# Given records:
★ ★ ★ ★ ★
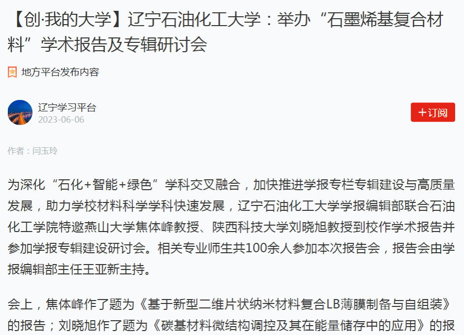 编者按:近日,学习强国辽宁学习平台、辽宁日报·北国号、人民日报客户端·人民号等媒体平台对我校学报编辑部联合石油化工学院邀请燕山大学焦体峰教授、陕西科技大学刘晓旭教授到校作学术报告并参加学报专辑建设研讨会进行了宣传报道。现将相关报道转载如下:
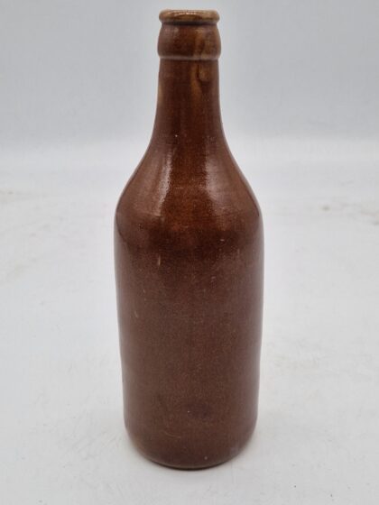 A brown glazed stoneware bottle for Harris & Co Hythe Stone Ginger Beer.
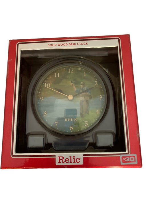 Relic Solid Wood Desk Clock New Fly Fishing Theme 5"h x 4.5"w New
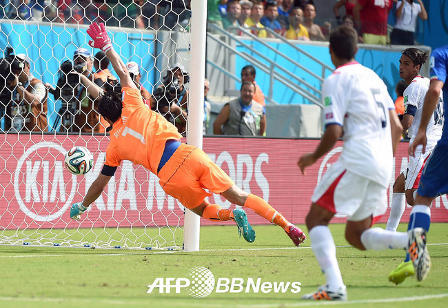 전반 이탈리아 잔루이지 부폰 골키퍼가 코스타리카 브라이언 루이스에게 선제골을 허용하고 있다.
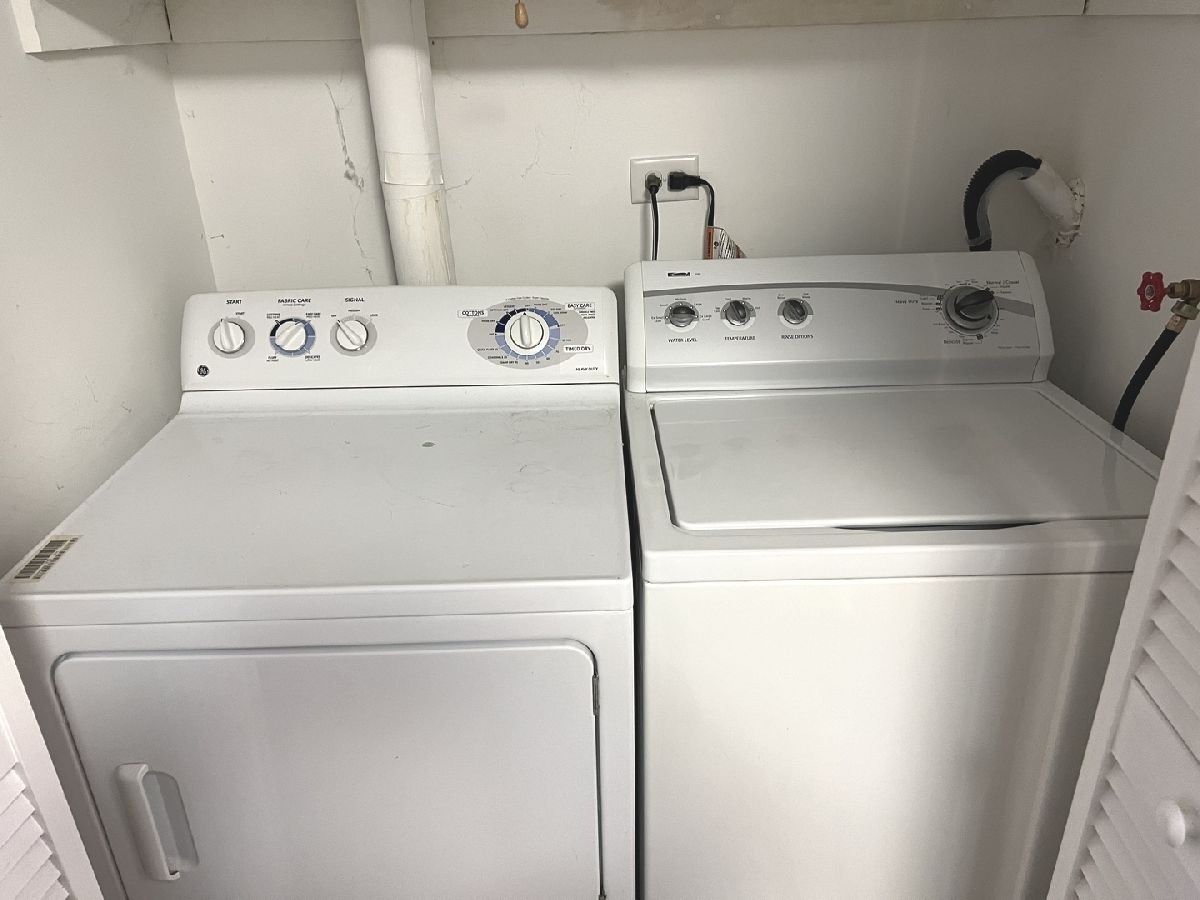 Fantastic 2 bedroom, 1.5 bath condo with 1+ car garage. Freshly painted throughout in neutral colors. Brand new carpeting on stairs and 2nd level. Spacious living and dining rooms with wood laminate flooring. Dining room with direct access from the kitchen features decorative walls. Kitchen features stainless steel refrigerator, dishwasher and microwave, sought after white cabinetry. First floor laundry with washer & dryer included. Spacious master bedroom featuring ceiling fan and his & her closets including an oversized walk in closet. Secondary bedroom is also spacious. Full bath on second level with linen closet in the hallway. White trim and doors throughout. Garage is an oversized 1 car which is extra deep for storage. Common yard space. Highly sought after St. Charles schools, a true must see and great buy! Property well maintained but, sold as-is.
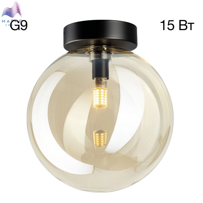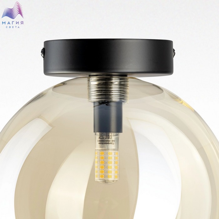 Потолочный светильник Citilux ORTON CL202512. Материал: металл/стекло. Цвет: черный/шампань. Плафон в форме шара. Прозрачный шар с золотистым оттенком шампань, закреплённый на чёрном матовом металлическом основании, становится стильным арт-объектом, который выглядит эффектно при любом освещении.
★ ★ ★ ★ ★
# Task brief:
Only what runs from the line containing "A brown glazed" through the end of the entries above should be extracted, exactly and without pictures.

# Solution below:
 A brown glazed stoneware bottle for Harris & Co Hythe Stone Ginger Beer.
 Relic Solid Wood Desk Clock New Fly Fishing Theme 5"h x 4.5"w New
 전반 이탈리아 잔루이지 부폰 골키퍼가 코스타리카 브라이언 루이스에게 선제골을 허용하고 있다.
 Fantastic 2 bedroom, 1.5 bath condo with 1+ car garage. Freshly painted throughout in neutral colors. Brand new carpeting on stairs and 2nd level. Spacious living and dining rooms with wood laminate flooring. Dining room with direct access from the kitchen features decorative walls. Kitchen features stainless steel refrigerator, dishwasher and microwave, sought after white cabinetry. First floor laundry with washer & dryer included. Spacious master bedroom featuring ceiling fan and his & her closets including an oversized walk in closet. Secondary bedroom is also spacious. Full bath on second level with linen closet in the hallway. White trim and doors throughout. Garage is an oversized 1 car which is extra deep for storage. Common yard space. Highly sought after St. Charles schools, a true must see and great buy! Property well maintained but, sold as-is.
 Потолочный светильник Citilux ORTON CL202512. Материал: металл/стекло. Цвет: черный/шампань. Плафон в форме шара. Прозрачный шар с золотистым оттенком шампань, закреплённый на чёрном матовом металлическом основании, становится стильным арт-объектом, который выглядит эффектно при любом освещении.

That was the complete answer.